● **WHAT TO DO**: Leaving out all images, return the entries below exactly.

● **Data entries**:
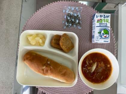 配膳台や机が汚れていると、不衛生なだけでなく、食中毒の原因にもなります。給食の時間の前後には配膳台をきれいに拭き、机の上には清潔なランチョンマットを敷きましょう。
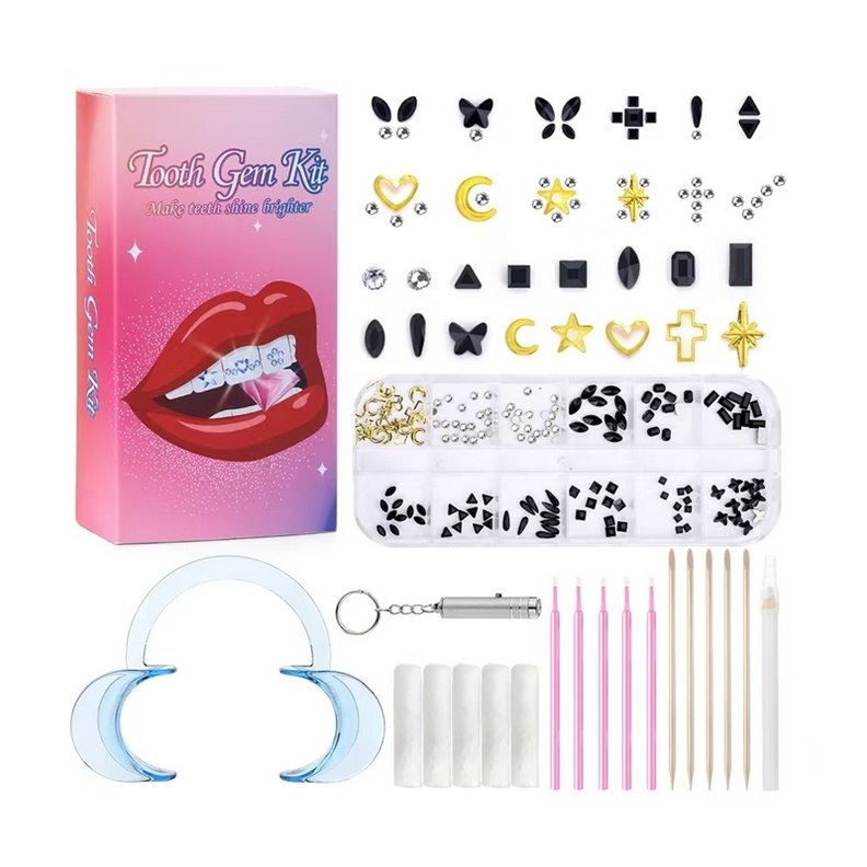 Le kit comprend une sélection variée de strass élégants et brillants, allant des formes classiques comme les ronds et les étoiles à des designs plus uniques tels que des papillons et des cœurs. Ces cristaux sont fabriqués à partir de matériaux non toxiques et spécialement conçus pour respecter l’émail des dents.
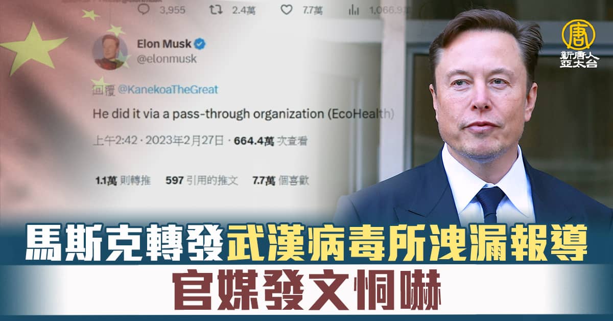 馬斯克轉發武漢病毒所洩漏報導 官媒發文恫嚇
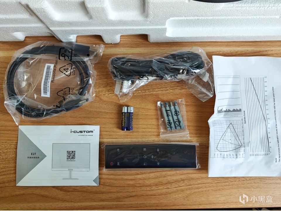 看看附件,電源線、DP線、說明書、遙控器、遙控器電池、壁掛轉換螺絲、單獨的出廠校色報告。i-custom元創師和泰坦軍團、聯合創新是同一集團旗下的三個品牌,以每臺顯示器都有自己的單獨出廠測試報告著稱,顯示對自己品牌產品的自信,也讓消費者更加放心。
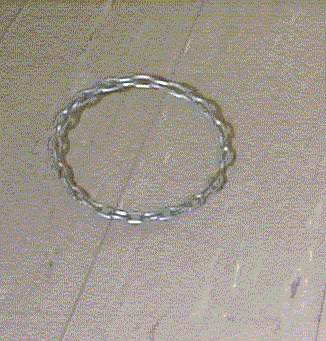 DESCRIPTION: A flexible loop of chain is fitted onto a wheel and set to spin with a high speed AC motor. When the chain is spinning very fast it is carefully worked off the wheel by use of a stick. Once released, the chain has very high rpm's and its rapid motion will cause it to initially slip/skid in place, showing sliding friction without translation. Eventually, the rolling chain will grab the floor and translation from rolling friction will take place. The chain is seen to translate across the floor undergoing pure rotation without slipping like a rigid wheel.
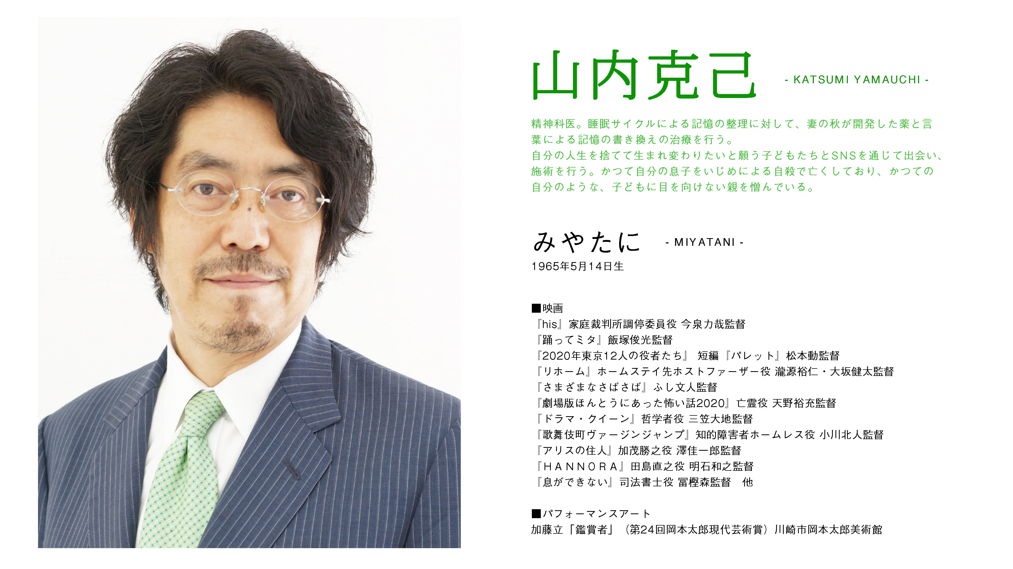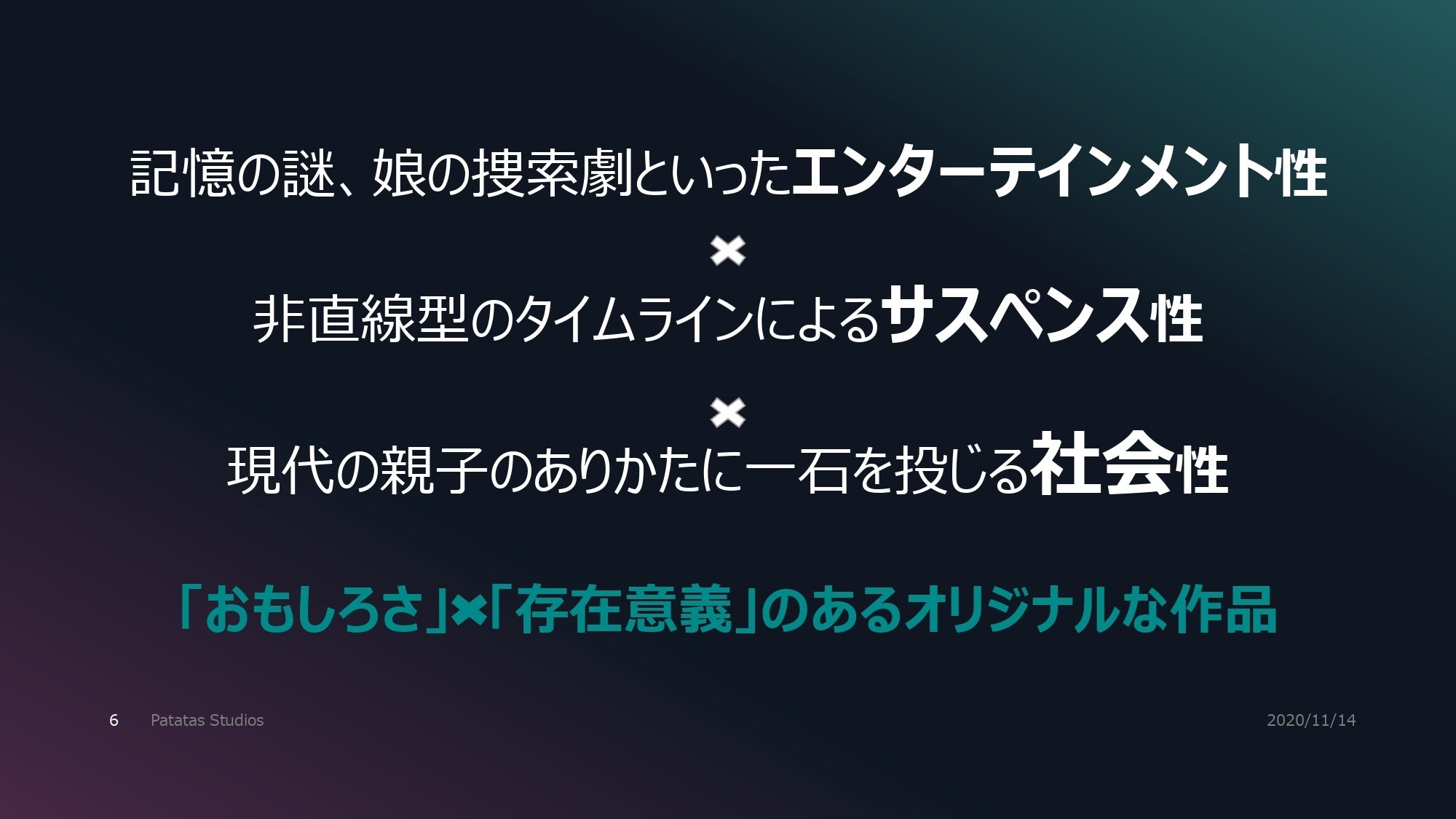 この映画の中で、先述しました、クライムフィクションや記憶の謎といったエンターテイメント性と私たちが問題意識を持っている親と子の関係性といった社会性が共存した内容を描きたいと考えております。
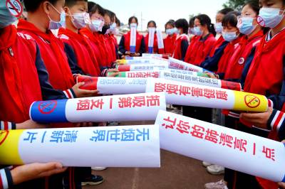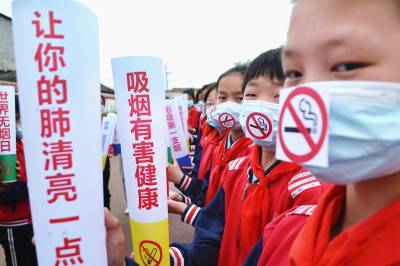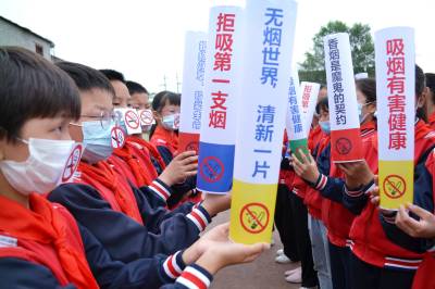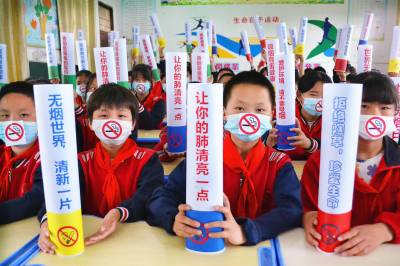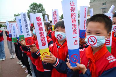 当日,湖北省十堰市郧阳区柳陂镇中心小学开展“珍爱生命 拒绝烟草”主题活动,通过让学生们了解“吸烟有害健康”和“烟草威胁环境”、认识二手烟的危害、拒吸“第一根烟”,并用旧挂历、旧报纸制作“巨烟”模型,写上吸烟的危害和戒烟劝告语,送家长或邻居烟民等方式,倡导健康生活,共营“无烟”环境,以迎接5月31日是第35个“世界无烟日”的到来。
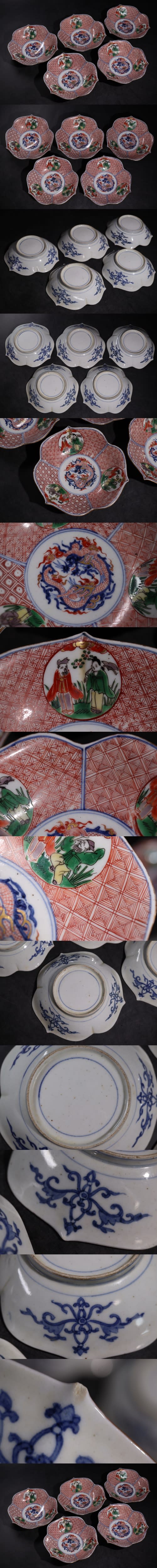 時代 赤絵 金彩 龍 ・ 人物図 皿 五客 / 中国美術 色絵 五彩 茶器 煎茶道具 検索: 天啓赤絵 .G4162 收藏
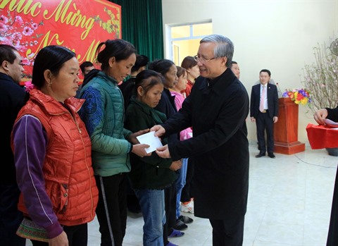 | Trân Quôc Vuong remet des cadeaux aux démunis et bénéficiaires de la politique sociale dans la commune de Kim Quan, province montagneuse de Tuyên Quang (Nord). |
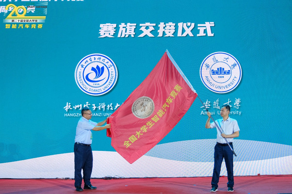 学术副校长吴立建出席了全国大学生智能汽车竞赛二十周年庆典,并作为下一届主办方代表参加了赛旗交接仪式。
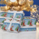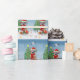 En hund i snö med julklappar och snö fall är en perfekt gåva till någon som kärlek hundar.
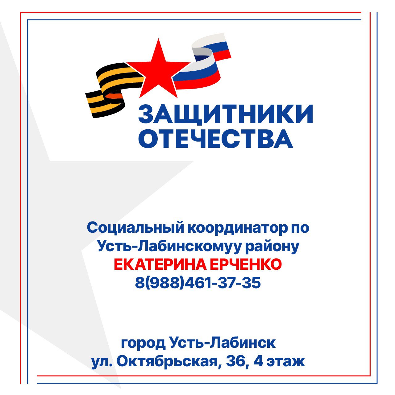 К социальному координатору фонда «Защитники Отечества» по Усть-Лабинскому району можно обратиться по адресу: г. Усть–Лабинск, ул. Октябрьская, д. 36, 4 этаж или по телефону: 8(988) 461-37-35.
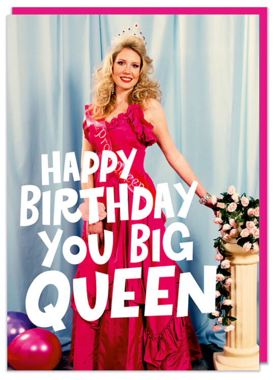 A birthday card with a retro photo of a smiling teenager dressed a bright red prom dress. Funky white capitalised font over the image reads Happy birthday you big queen.
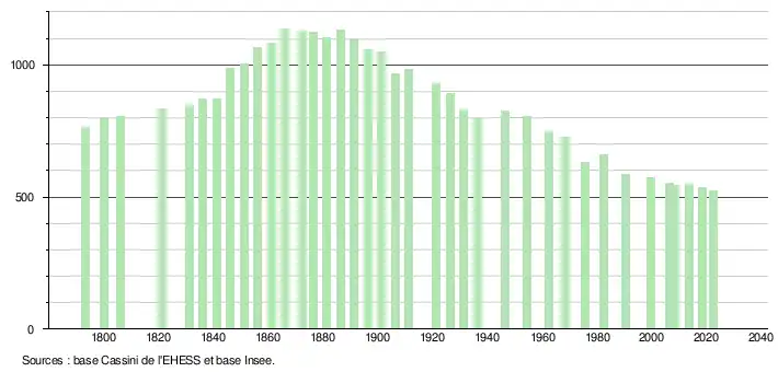 - ↑ Fiches Insee - Populations de référence de la commune pour les années 2006, 2007, 2008, 2009, 2010, 2011, 2012, 2013, 2014, 2015, 2016, 2017, 2018, 2019, 2020, 2021 et 2022.
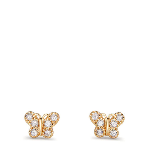 Orecchini a bottone Oro giallo 585/14 kt Zirconia 12 pietra Farfalla Ø5 mm

● **YOUR RESPONSE**:
 配膳台や机が汚れていると、不衛生なだけでなく、食中毒の原因にもなります。給食の時間の前後には配膳台をきれいに拭き、机の上には清潔なランチョンマットを敷きましょう。
 Le kit comprend une sélection variée de strass élégants et brillants, allant des formes classiques comme les ronds et les étoiles à des designs plus uniques tels que des papillons et des cœurs. Ces cristaux sont fabriqués à partir de matériaux non toxiques et spécialement conçus pour respecter l’émail des dents.
 馬斯克轉發武漢病毒所洩漏報導 官媒發文恫嚇
 看看附件,電源線、DP線、說明書、遙控器、遙控器電池、壁掛轉換螺絲、單獨的出廠校色報告。i-custom元創師和泰坦軍團、聯合創新是同一集團旗下的三個品牌,以每臺顯示器都有自己的單獨出廠測試報告著稱,顯示對自己品牌產品的自信,也讓消費者更加放心。
 DESCRIPTION: A flexible loop of chain is fitted onto a wheel and set to spin with a high speed AC motor. When the chain is spinning very fast it is carefully worked off the wheel by use of a stick. Once released, the chain has very high rpm's and its rapid motion will cause it to initially slip/skid in place, showing sliding friction without translation. Eventually, the rolling chain will grab the floor and translation from rolling friction will take place. The chain is seen to translate across the floor undergoing pure rotation without slipping like a rigid wheel.
 この映画の中で、先述しました、クライムフィクションや記憶の謎といったエンターテイメント性と私たちが問題意識を持っている親と子の関係性といった社会性が共存した内容を描きたいと考えております。
 当日,湖北省十堰市郧阳区柳陂镇中心小学开展“珍爱生命 拒绝烟草”主题活动,通过让学生们了解“吸烟有害健康”和“烟草威胁环境”、认识二手烟的危害、拒吸“第一根烟”,并用旧挂历、旧报纸制作“巨烟”模型,写上吸烟的危害和戒烟劝告语,送家长或邻居烟民等方式,倡导健康生活,共营“无烟”环境,以迎接5月31日是第35个“世界无烟日”的到来。
 時代 赤絵 金彩 龍 ・ 人物図 皿 五客 / 中国美術 色絵 五彩 茶器 煎茶道具 検索: 天啓赤絵 .G4162 收藏
 | Trân Quôc Vuong remet des cadeaux aux démunis et bénéficiaires de la politique sociale dans la commune de Kim Quan, province montagneuse de Tuyên Quang (Nord). |
 学术副校长吴立建出席了全国大学生智能汽车竞赛二十周年庆典,并作为下一届主办方代表参加了赛旗交接仪式。
 En hund i snö med julklappar och snö fall är en perfekt gåva till någon som kärlek hundar.
 К социальному координатору фонда «Защитники Отечества» по Усть-Лабинскому району можно обратиться по адресу: г. Усть–Лабинск, ул. Октябрьская, д. 36, 4 этаж или по телефону: 8(988) 461-37-35.
 A birthday card with a retro photo of a smiling teenager dressed a bright red prom dress. Funky white capitalised font over the image reads Happy birthday you big queen.
 - ↑ Fiches Insee - Populations de référence de la commune pour les années 2006, 2007, 2008, 2009, 2010, 2011, 2012, 2013, 2014, 2015, 2016, 2017, 2018, 2019, 2020, 2021 et 2022.
 Orecchini a bottone Oro giallo 585/14 kt Zirconia 12 pietra Farfalla Ø5 mm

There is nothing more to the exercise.